Last Update:2022-01-01 11:55:30
Clavulanate Potassium - Amoxicillin and clavulanate potassium tablets
Authoritative Data Verified Data
This product is a mixed preparation of amoxicillin and clavulanate potassium [the ratio of the amount of amoxicillin (according to C16H19N3O5S) and clavulanic acid (C8H9NO5) is 2:1 or 4:1 or 7:1 ] , containing amoxicillin (according to C16H19N3O5S) and clavulanic acid (C8H9N05) should be 90.0% ~ 120.0% of the label amount.
trait
This product is a film-coated tablet, white to light yellow after removing the coating.
identification
- take 1 tablet of this product, grind it, add pH 7.0 phosphate buffer solution (if necessary, ice bath ultrasound for 10~15 minutes) and make it to contain about amoxicillin per lml (according to C16H19N3O5S) 5mg of the solution was filtered, and the continued filtrate was taken as the test solution, add pH 7.0 phosphate buffer solution (if necessary, ultrasound in ice bath for 10~15 minutes to help dissolve, in which clavulanic acid is added after Ultrasound) and dilute to prepare amoxicillin (according to C16H19N3O5S) in about 1 ml.
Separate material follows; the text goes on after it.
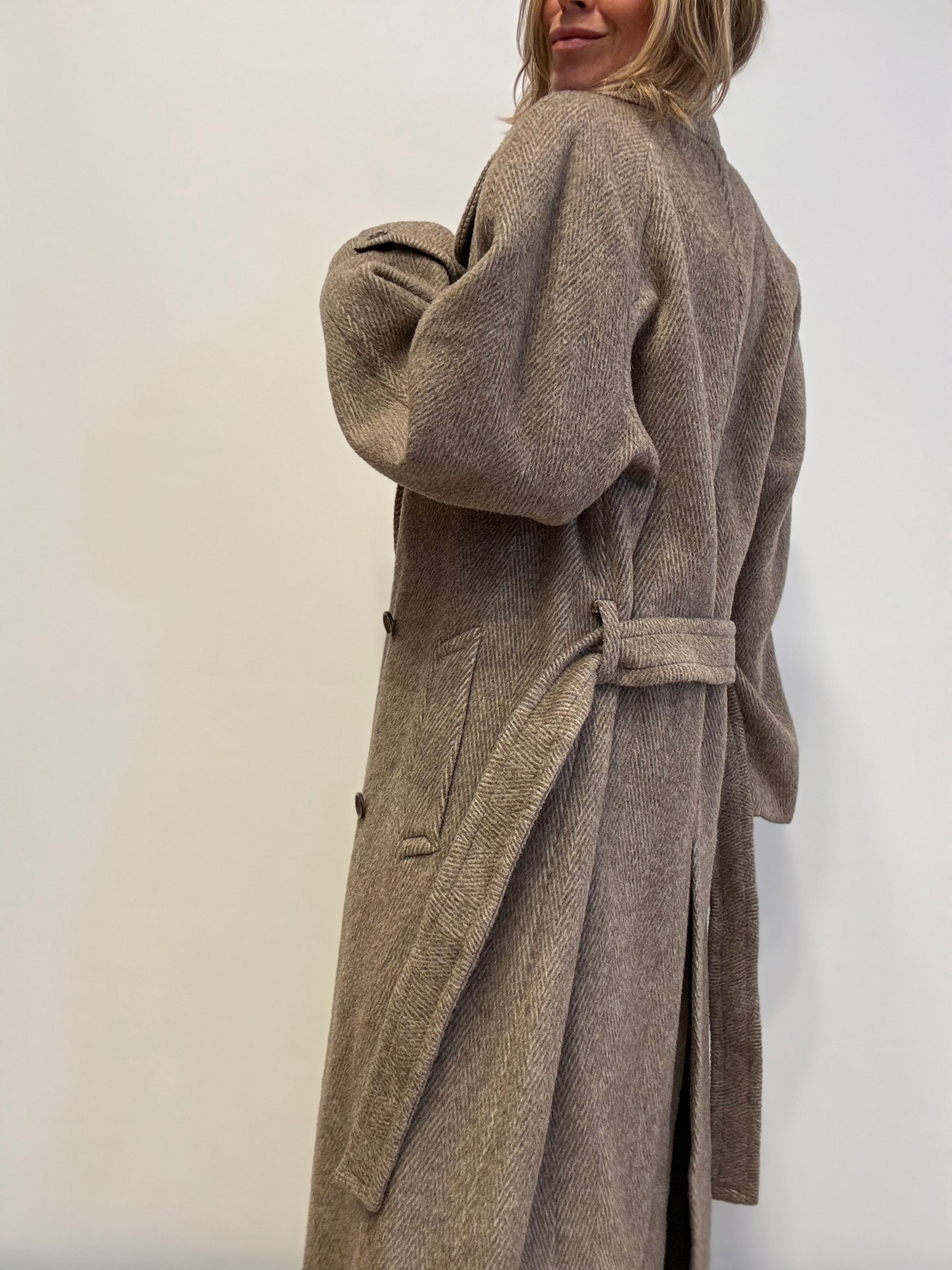 This authentic vintage coat is crafted from a luxurious blend of 50% wool and 50% alpaca, offering both warmth and a soft, refined texture. The fabric features a subtle taupe herringbone pattern, giving the coat a timeless and sophisticated look. Designed with a double-breasted front, wide lapel collar, and matching waist belt, it combines classic tailoring with a relaxed oversized silhouette. Perfect for layering, this coat is an elegant addition to any cold-weather wardrobe.

A solution of 5mg and 2mg of clavulanic acid was used as the control solution, add pH7.0 phosphate buffer solution (if necessary, ice bath ultrasound for 10~15 minutes to help dissolve, in which clavulanic acid to be added after the sound) and diluted to make each lml respectively containing amoxicillin (according to C16H19N305S) clavulanic Acid and cefaclor, about 5mg each, as a system-suitable solution. According to thin layer chromatography (General 0502) test, absorb 2ul of each of the above three solutions, respectively point on the same silica gel GF2S4 thin On the plate, ethyl acetate-ethyl ether-dioxymethane-formic acid (5:4:5:4) was used as a developing solvent, developed, dried, and examined under a UV lamp (365nm). The system suitability solution should show three discrete spots-the position and fluorescence of the dominant spot displayed by the test solution should be the same as the position and fluorescence of the dominant spot of the control solution.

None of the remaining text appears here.